'The Courage to Be' is Paul Tillich's most famous book and was, according to the introduction by Harvey Cox, quite popular even among laypeople. But this doesn't mean that this is an easy read. Tillich is a philosopher after all, and even though the concepts he deals with, such as anxiety, death, guilt, meaning, faith and others are important and his language is quite concise, the nature of the subjects require quite abstract thinking at times.
The first chapter is quick tour through the history of philosophy concerning the meaning of courage. Here he looks at Plato, Aquinas, Seneca, Spinoza and Nietzsche. His own definition of the 'courage to be', which lends the book its title, is probably closest to Nietzsche's 'will to power' and Spinoza's 'conatus '. Tillich is talking about something beyond the subject-object divide. It is not something psychological in our minds, it is in ourselves, in our whole being. Affirming life is putting your consciousness in line with your being which is already pulsating with that reality of the courage to be.

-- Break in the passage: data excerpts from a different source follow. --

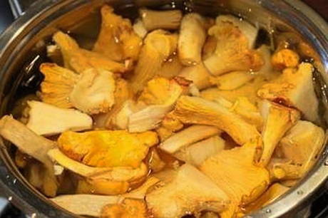 - Sorteer de cantharellen, maak ze schoon van vuil en was ze.
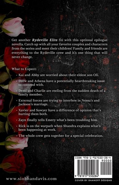 Get another Rydeville Elite fix with this optional epilogue novella. Catch up with all your favorite couples and characters from the series and meet their children! Family and friends are everything to the Rydeville crew and it's one thing that will never change. What to Expect:Kai and Abby are worried about their eldest son Oli. Drew and Athena have a potentially heartbreaking issue to contend with. Demi and Charlie are reeling from the sudden death of a family member. External forces are trying to interfere in Nessa's and Jackson's marriage. Xavier and Sawyer have a difference of opinion that's hurting them both. Zayn finally tells Emery what's been troubling him. Rick is on the warpath when Shandra explains what's been happening at work. The whole crew gets together for a special celebration. Find out everything that is going down in this multi-POV novella. 35k words and 14 chapters.
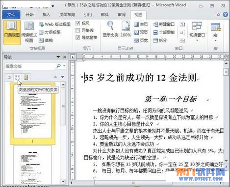 3、在打開的導(dǎo)航窗格中,單擊“瀏覽您的文檔中的頁面”按鈕可以查看到完整的Word2010文檔頁面,如圖3所示。
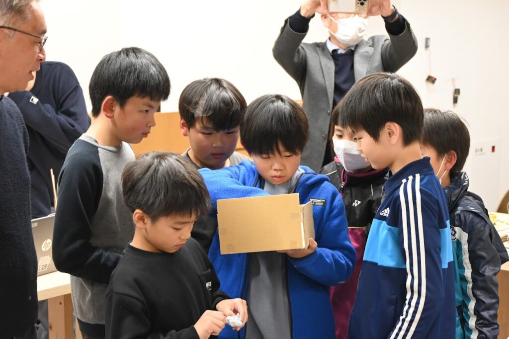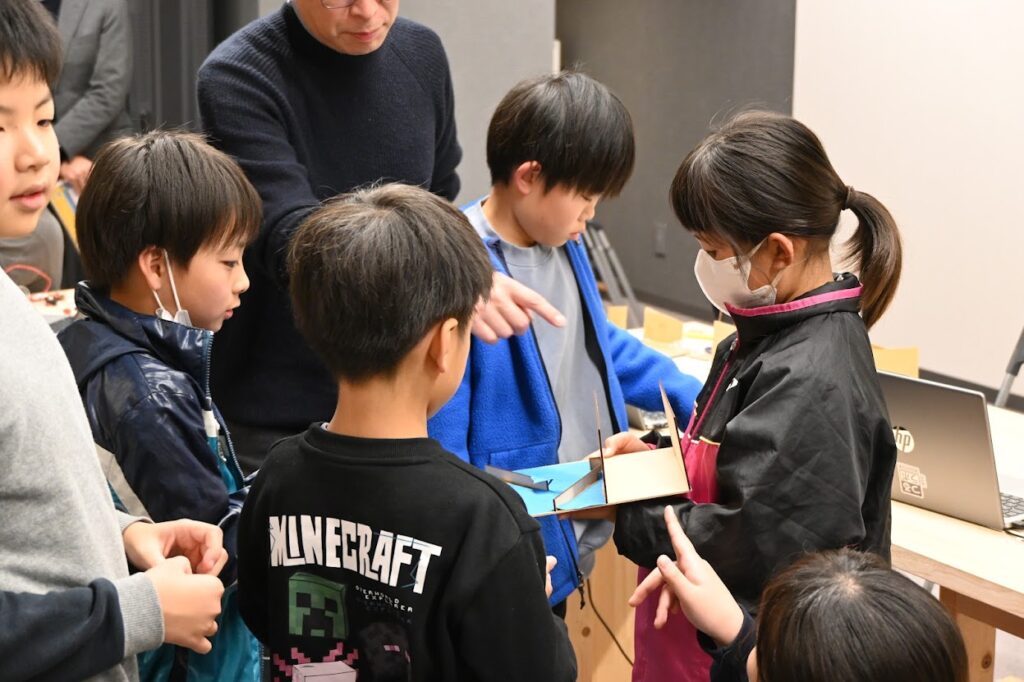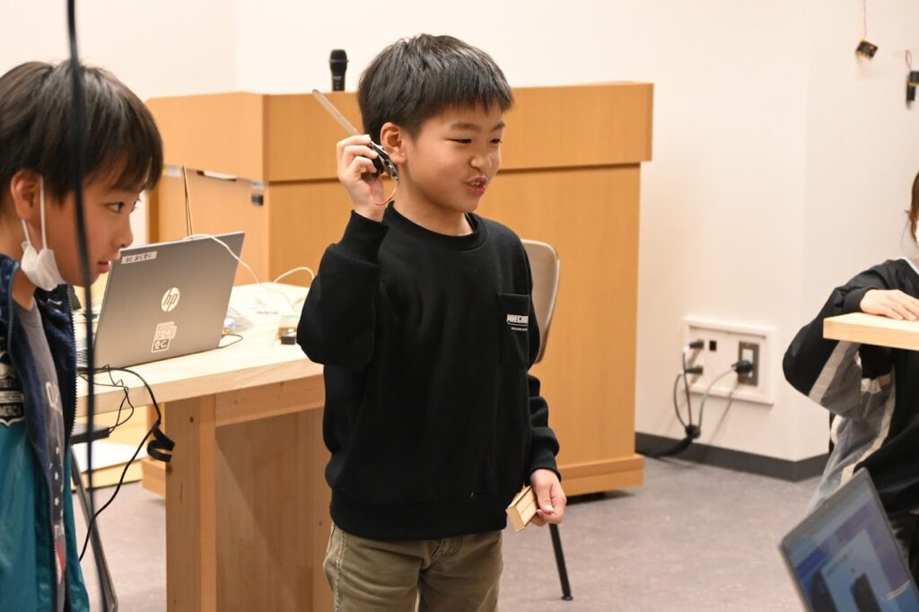 自分で一から作ったものを他の人に試してもらい、とてもうれしそうな表情をみせる子どもたち。
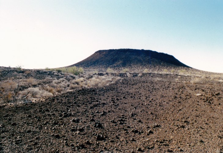 This is Monument Bluff just north of the border. It is one of the cinder cones associated with the Pinacate lava fields. The "bumps" that you see on the rim of the cone are large rock cairns.
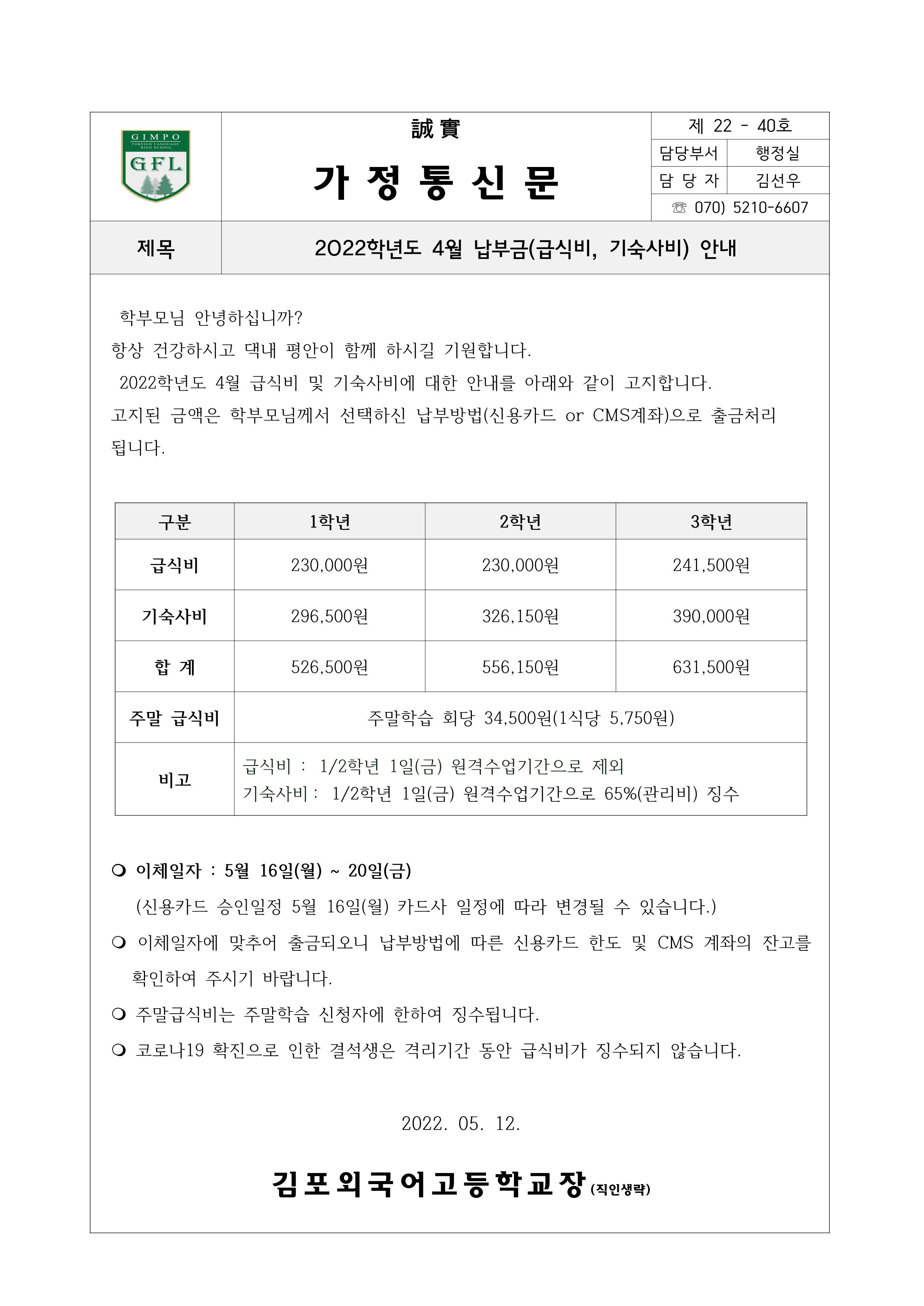 2022Çг⵵ 4¿ù ³³ºÎ±Ý ¾È³» (±Þ½Äºñ, ±â¼÷»çºñ)
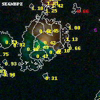Object #9535 x,y = (1857, 3508) RA, Dec = (04:54:18.048, 02:55:22.44) = (73.57520, 2.92290) BPZ = 0.423 [0.045--2.507] type = 8.90 (SB2_B10 - SB1_B10) chisq2 = 0.01 ODDS = 0.29 z_cluster = 0.203
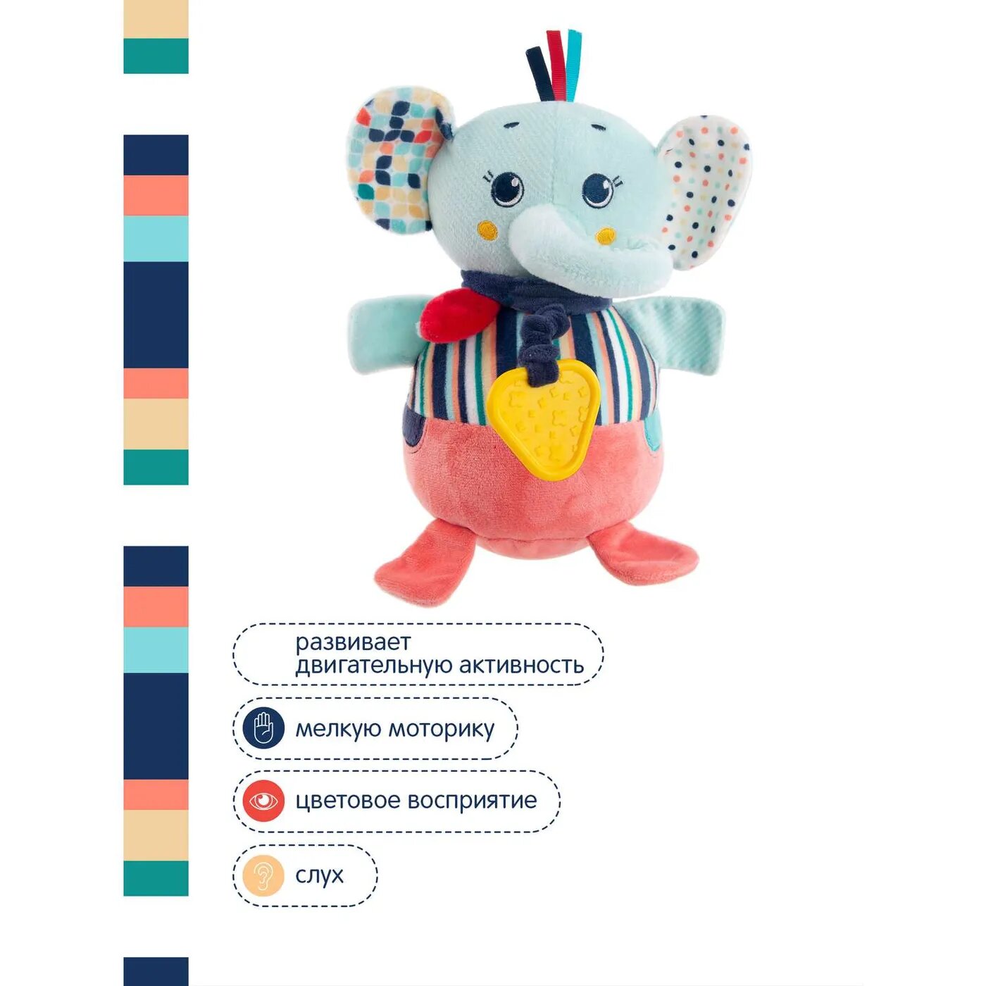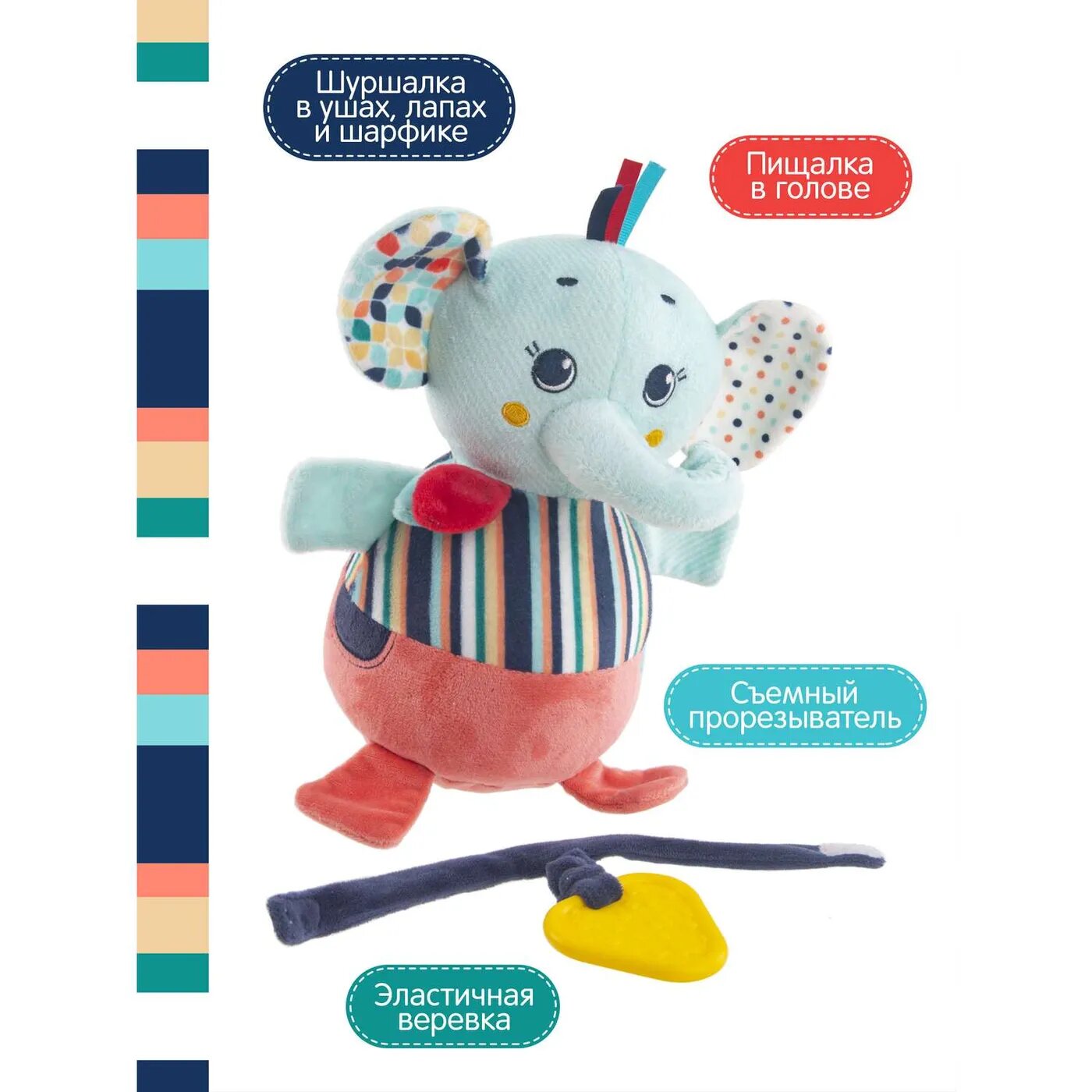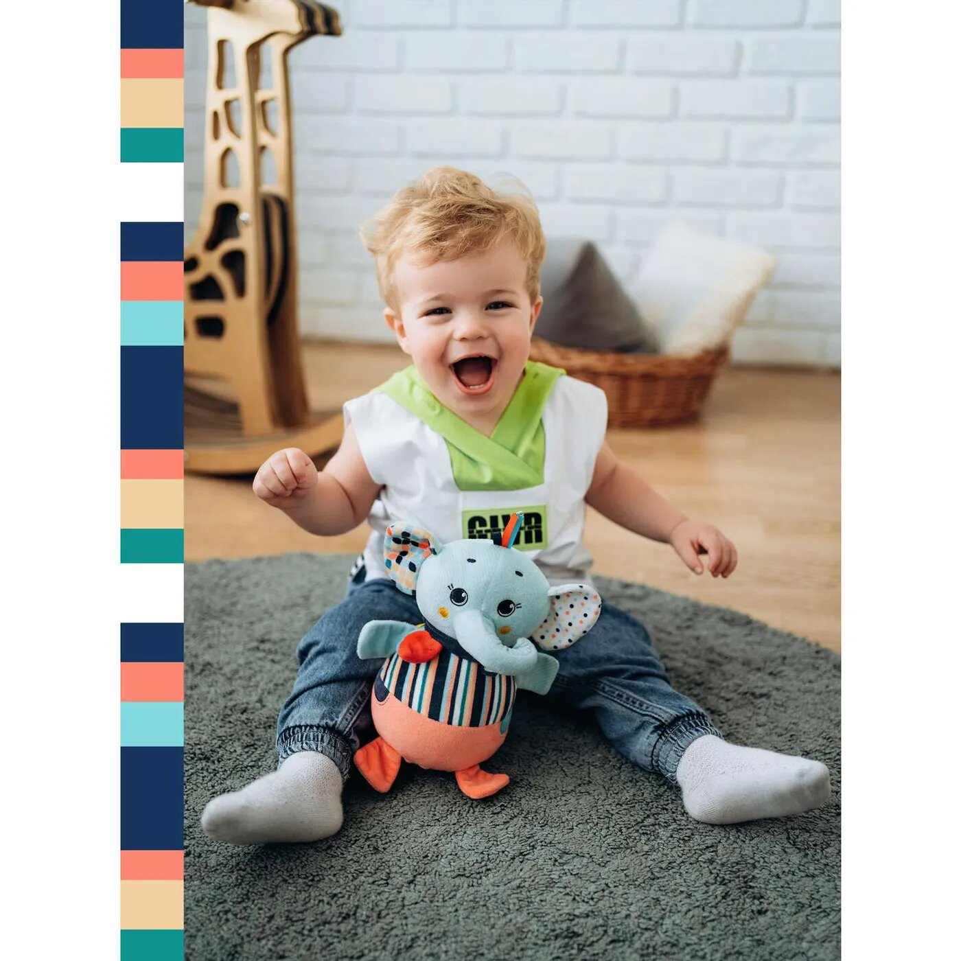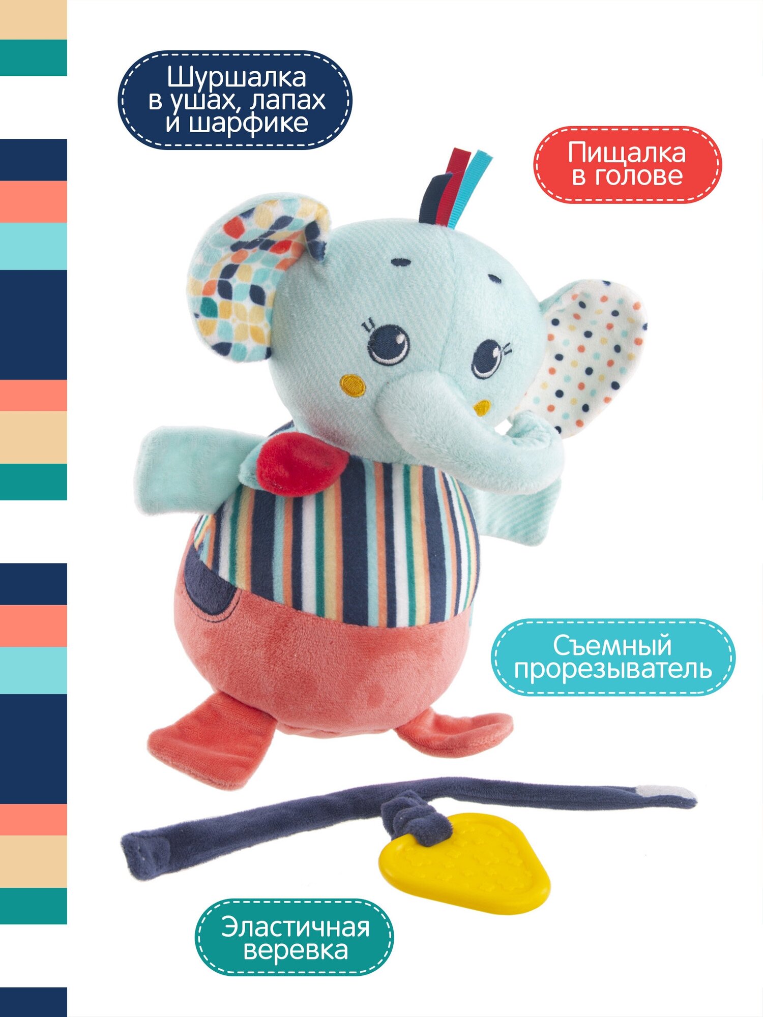 В игрушке: пищалка в голове, съемный прорезыватель, шуршалка в ушах, лапах и шарфике, эластичная веревка, механизм-неваляшка.Развивающая игрушка-неваляшка Слоник Джамбо приведет в восторг любого малыша и обязательно станет его любимой игрушкой. Слоник качается в разные стороны, издавая при этом чудесный мелодичный звон, и всегда возвращается в вертикальное положение. Съемный мягкий прорезыватель поможет облегчить дискомфорт во время прорезывания зубов. В голове имеется пищалка, а в ушках и лапках - шуршалки. Игрушка-неваляшка развивает двигательную активность, мелкую моторику, слух и цветовое восприятие.

In the second chapter he explains this in more detail saying that "courage is self-affirmation 'in spite of,' that is in spite of that which tends to prevent the self from affirming itself". In an existentialist fashion, he thus defines being against the backdrop of nonbeing. This also leads him to a discussion of anxiety, which is "the state in which a being is aware of its possible nonbeing".
This discussion of anxiety was one of my favorite parts of the book. According to Tillich anxiety is an existential condition and not just something certain people experience. He describes three forms in which anxiety manifests itself in our lives:
There is ontic anxiety, which is related to fate and death, moral anxiety, which has to do with guilt and condemnation, and finally there is spiritual anxiety, which regards emptiness and, in its absolute form, meaninglessness.
These three main forms of anxiety are often intertwined but still Tillich traces each of them back to a period in history when they were predominant. The ontic anxiety was prevalent in the ancient world, which conceived of the human life as in the hand of the gods and subject to fate.
"... the individual's feeling of being in the hands of powers, natural as well as political, which are completely beyond his control and calculation - all this produced a tremendous anxiety and the quest for courage to meet the threat of fate and death."
In the medieval period the ontic anxiety was partly overcome by the christian beliefs promoted by the church, in a life after death and in God's providence. But in this period the moral anxiety grew stronger. This anxiety was related to guilt and the possibility of condemnation if one fails to live up to the standards of the divine.
"The anxiety of condemnation symbolized as the 'wrath of God' and intensified by the imagery of hell and purgatory drove people of the late Middle Ages to try various means of assuaging their anxiety..."
The reformation helped to engage this anxiety and partially relieved people of moral anxiety. But it was not until the age of Enlightenment that the third type of anxiety, spiritual anxiety, became dominant:
"The breakdown of absolutism, the development of liberalism and democracy, the rise of a technical civilization with its victory over all enemies and its own beginning disintegration - these are the sociological presuppositions for the third main period of anxiety."
The third chapter is a discussion about pathological anxiety and its relation to the existential anxiety Tillich is talking about. Here he also points out the differences in the roles of the priest and the therapist in helping people address these two different types of anxiety.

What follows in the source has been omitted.